== Study material
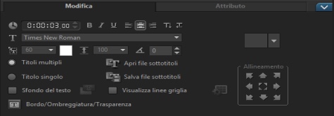 È possibile formattare il testo modificando il carattere, l'allineamento e la direzione del testo. Ad esempio, la direzione del testo può essere impostata da sinistra a destra, da destra a sinistra o verticale. Si possono anche aggiungere bordi e ombre oppure si può ruotare il testo. Aggiungere uno sfondo del testo per sovrapporre il testo a un colore uniforme o un a gradiente di colore per farlo risaltare. È anche possibile definire la lunghezza di un clip di titolo regolando la durata del clip di titolo.
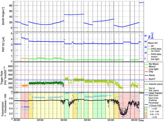 Overview plot used in data quality checks for a single observing night at the MAGIC telescope site. Four panels (enumerated from top to bottom) allow for an overview of the most important parameters, which describe the data-taking conditions and/or impact on the data quality. Panel 1: Zenith angle of the telescope pointing, with vertical lines marking the wobble position or source changes. Panel 2: Mean direct current (DC; green and red) and the median discriminator threshold (TH; blue) for the camera PMTs. The colour of the DC plot roughly captures the dark time (green) and moon time (orange) observations, with dark time observations further separated into extragalactic (dark green) and galactic (light green). Panel 3: Coincidence trigger rates between the two MAGIC telescopes. Panel 4: Atmospheric aerosol transmission, based on measurements by the LIDAR and the pyrometer. Two transmission measures are given based on the LIDAR profiles, from 3 km and from 9 km above the site, quantifying the dust intrusions (calima) and cloud effects, respectively. Colour shading gives a rough guidance whether the data may be used without corrections, with nominal or increased energy threshold (green, light yellow), may be corrected for atmosphere effects (dark yellow), or cannot be used at all due to poor quality (red).
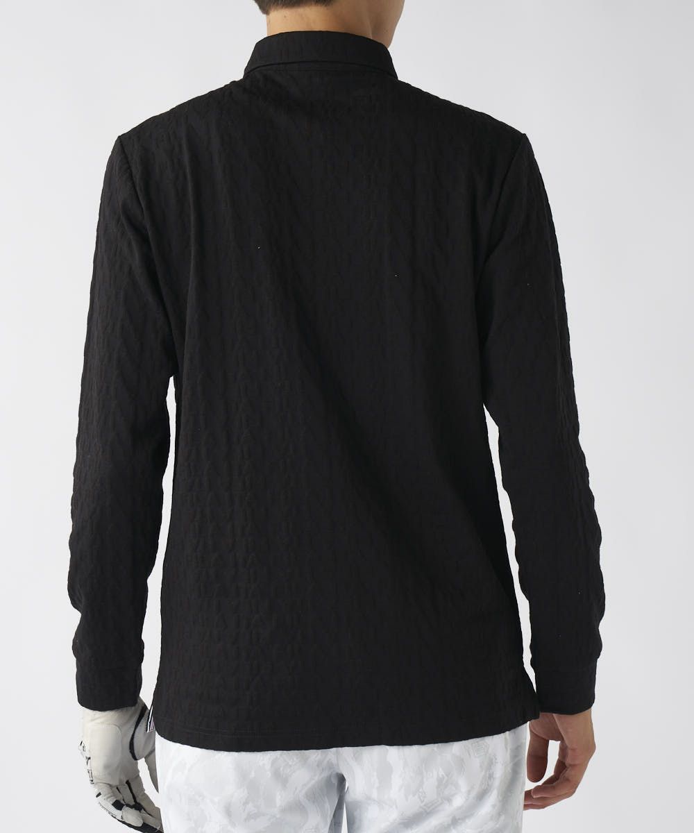 表情豊かな3Dジャガードを素材に採用し、上質で快適な着心地を提供します。生地の凹凸が肌への接触を減らし、サラッとした肌ざわりをキープ。UVカット機能付きで、ゴルフの大敵である紫外線から肌を守り、一日中アクティブに楽しめます。
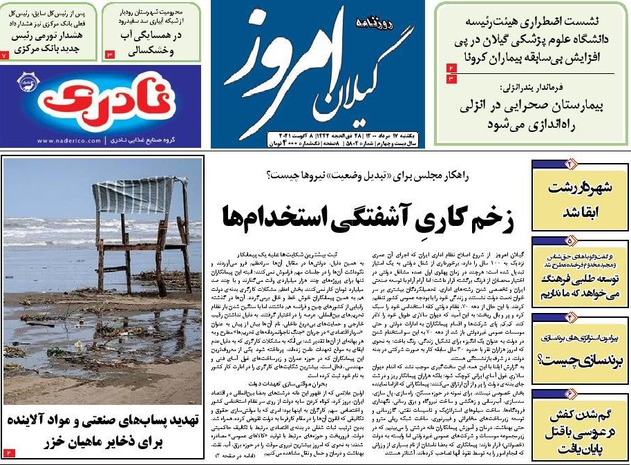به گزارش گیل نویس، صفحه نخست روزنامه‌های امروز (یکشنبه، ۱۷ مرداد) استان گیلان به شرح زیر است:
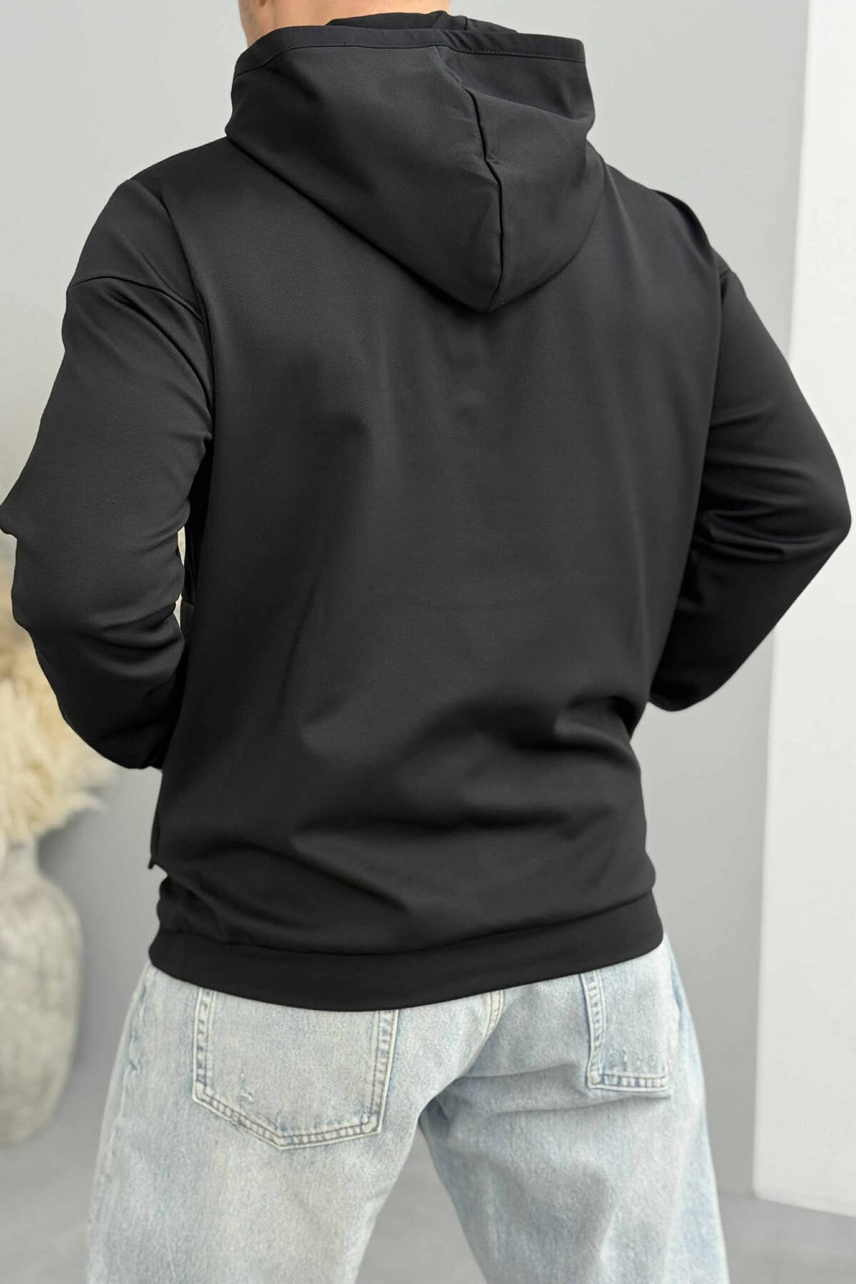 HOODIE NJËNGJYRËSHE ME JAKË ME ZINXHIR PËR MESHKUJ NË NGJYRËN E ZEZË
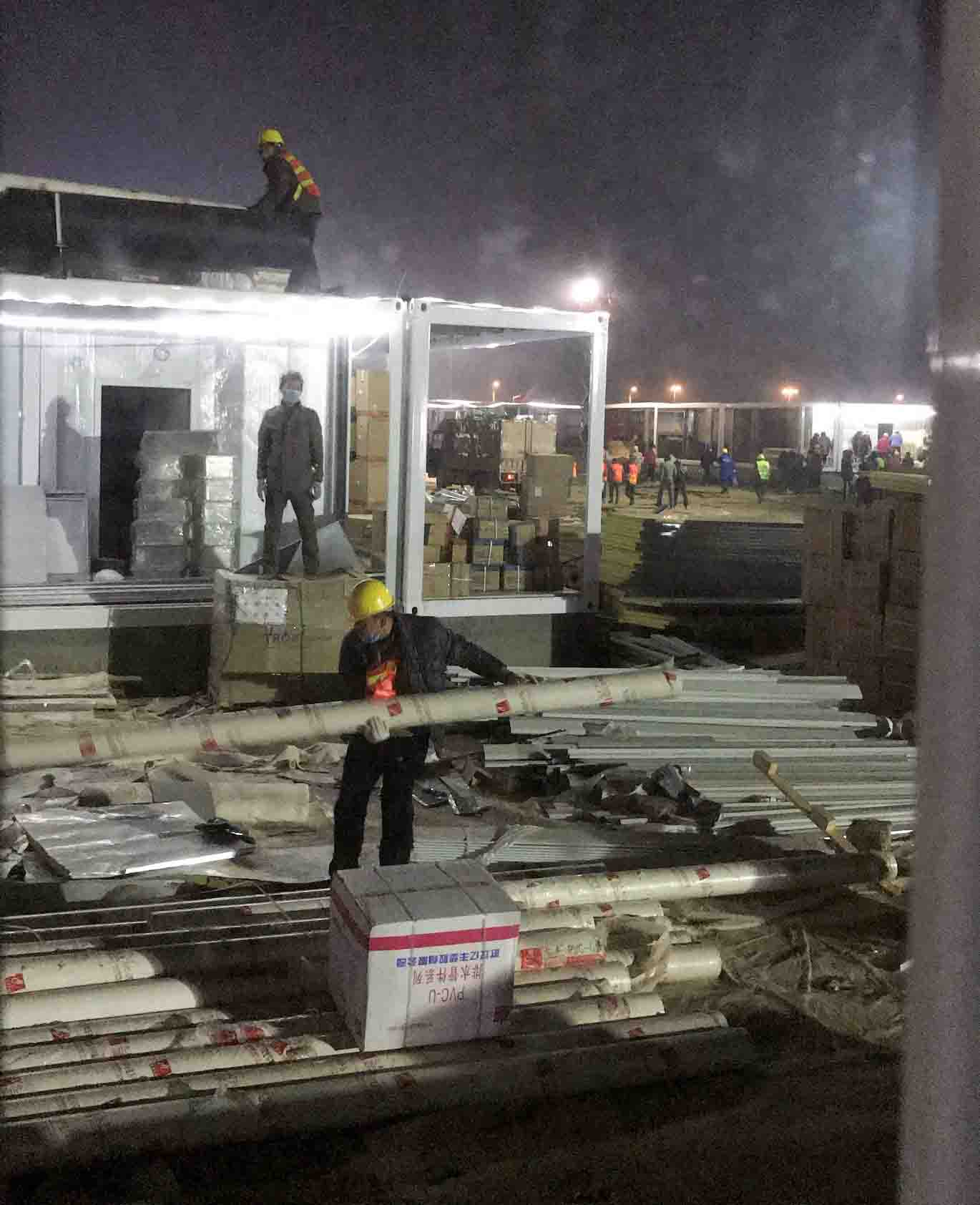 期间柴明同学在这连续工作五天,整个工地是三班倒一天二十四小时不停断施工,里面有来自全国各地的工人和志愿者们,大家都是在夜以继日的建设着雷神山医院,在我工作了五天左右医院基本完工,并交付使用两个病区,其也算是工作完成,考虑不给其他人带来传染的风险,柴明同学回家自行进行隔离观察。
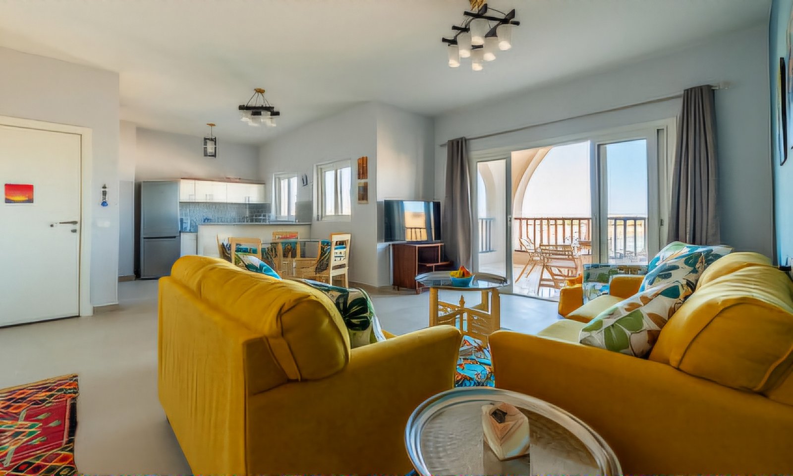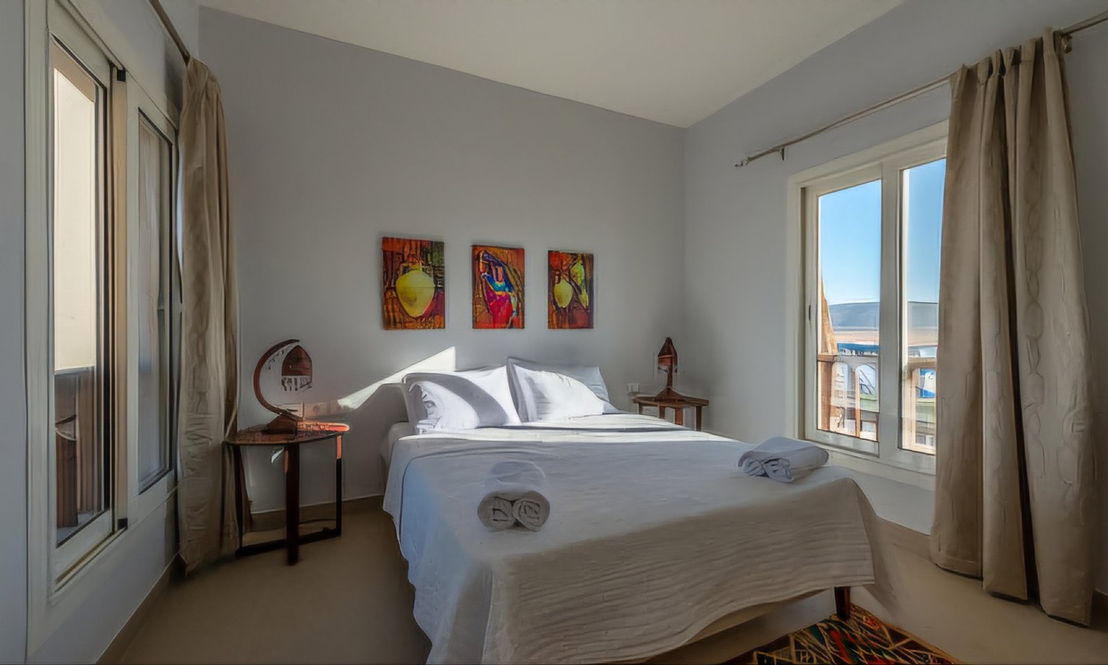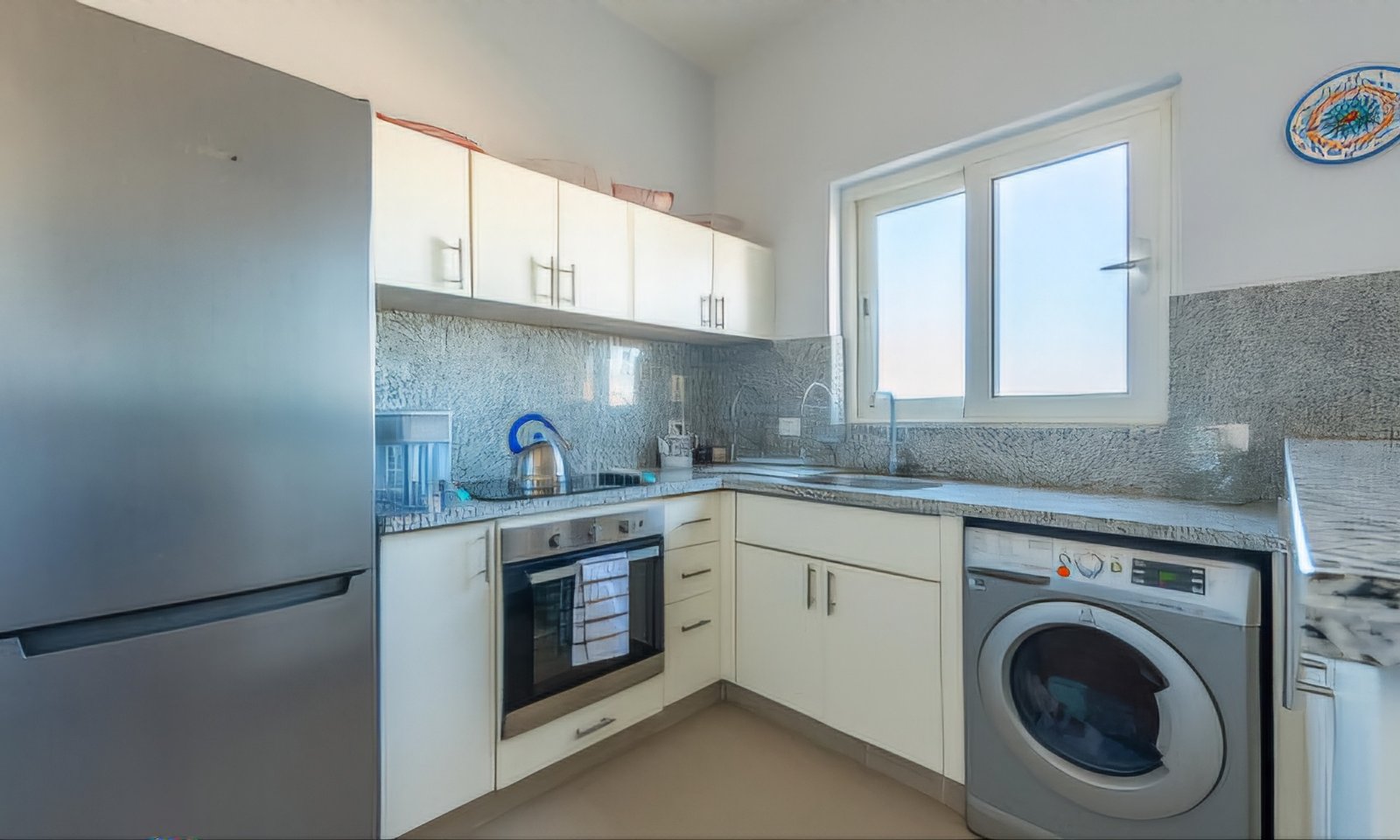 This spacious 3 bedroom apartment is located in newly built compound Waterside inside El Gouna, very attractive in location and view. The terrace, bedrooms and living room all share a breathtaking view, overlooking lagoon, pool and Sliders Cable Park. There are 3 bedrooms (two with a queen-sized bed, one with 2 bunk beds), 3 full bathrooms, maid room with an extra single bed, a cozy open-space living room, dining area, terrace with marvelous view and kitchen. The Apartment is primarily set up for 8 guests. The kitchen is fully equipped with brand new appliances: microwave, stove, oven, kettle, fridge, refrigerator and all necessary cooking tools.
====
• _Exercise details_: Omit the pictures, then quote the rest of the material above exactly.

• _Exercise solution_:
 È possibile formattare il testo modificando il carattere, l'allineamento e la direzione del testo. Ad esempio, la direzione del testo può essere impostata da sinistra a destra, da destra a sinistra o verticale. Si possono anche aggiungere bordi e ombre oppure si può ruotare il testo. Aggiungere uno sfondo del testo per sovrapporre il testo a un colore uniforme o un a gradiente di colore per farlo risaltare. È anche possibile definire la lunghezza di un clip di titolo regolando la durata del clip di titolo.
 Overview plot used in data quality checks for a single observing night at the MAGIC telescope site. Four panels (enumerated from top to bottom) allow for an overview of the most important parameters, which describe the data-taking conditions and/or impact on the data quality. Panel 1: Zenith angle of the telescope pointing, with vertical lines marking the wobble position or source changes. Panel 2: Mean direct current (DC; green and red) and the median discriminator threshold (TH; blue) for the camera PMTs. The colour of the DC plot roughly captures the dark time (green) and moon time (orange) observations, with dark time observations further separated into extragalactic (dark green) and galactic (light green). Panel 3: Coincidence trigger rates between the two MAGIC telescopes. Panel 4: Atmospheric aerosol transmission, based on measurements by the LIDAR and the pyrometer. Two transmission measures are given based on the LIDAR profiles, from 3 km and from 9 km above the site, quantifying the dust intrusions (calima) and cloud effects, respectively. Colour shading gives a rough guidance whether the data may be used without corrections, with nominal or increased energy threshold (green, light yellow), may be corrected for atmosphere effects (dark yellow), or cannot be used at all due to poor quality (red).
 表情豊かな3Dジャガードを素材に採用し、上質で快適な着心地を提供します。生地の凹凸が肌への接触を減らし、サラッとした肌ざわりをキープ。UVカット機能付きで、ゴルフの大敵である紫外線から肌を守り、一日中アクティブに楽しめます。
به گزارش گیل نویس، صفحه نخست روزنامه‌های امروز (یکشنبه، ۱۷ مرداد) استان گیلان به شرح زیر است:
 HOODIE NJËNGJYRËSHE ME JAKË ME ZINXHIR PËR MESHKUJ NË NGJYRËN E ZEZË
 期间柴明同学在这连续工作五天,整个工地是三班倒一天二十四小时不停断施工,里面有来自全国各地的工人和志愿者们,大家都是在夜以继日的建设着雷神山医院,在我工作了五天左右医院基本完工,并交付使用两个病区,其也算是工作完成,考虑不给其他人带来传染的风险,柴明同学回家自行进行隔离观察。
 This spacious 3 bedroom apartment is located in newly built compound Waterside inside El Gouna, very attractive in location and view. The terrace, bedrooms and living room all share a breathtaking view, overlooking lagoon, pool and Sliders Cable Park. There are 3 bedrooms (two with a queen-sized bed, one with 2 bunk beds), 3 full bathrooms, maid room with an extra single bed, a cozy open-space living room, dining area, terrace with marvelous view and kitchen. The Apartment is primarily set up for 8 guests. The kitchen is fully equipped with brand new appliances: microwave, stove, oven, kettle, fridge, refrigerator and all necessary cooking tools.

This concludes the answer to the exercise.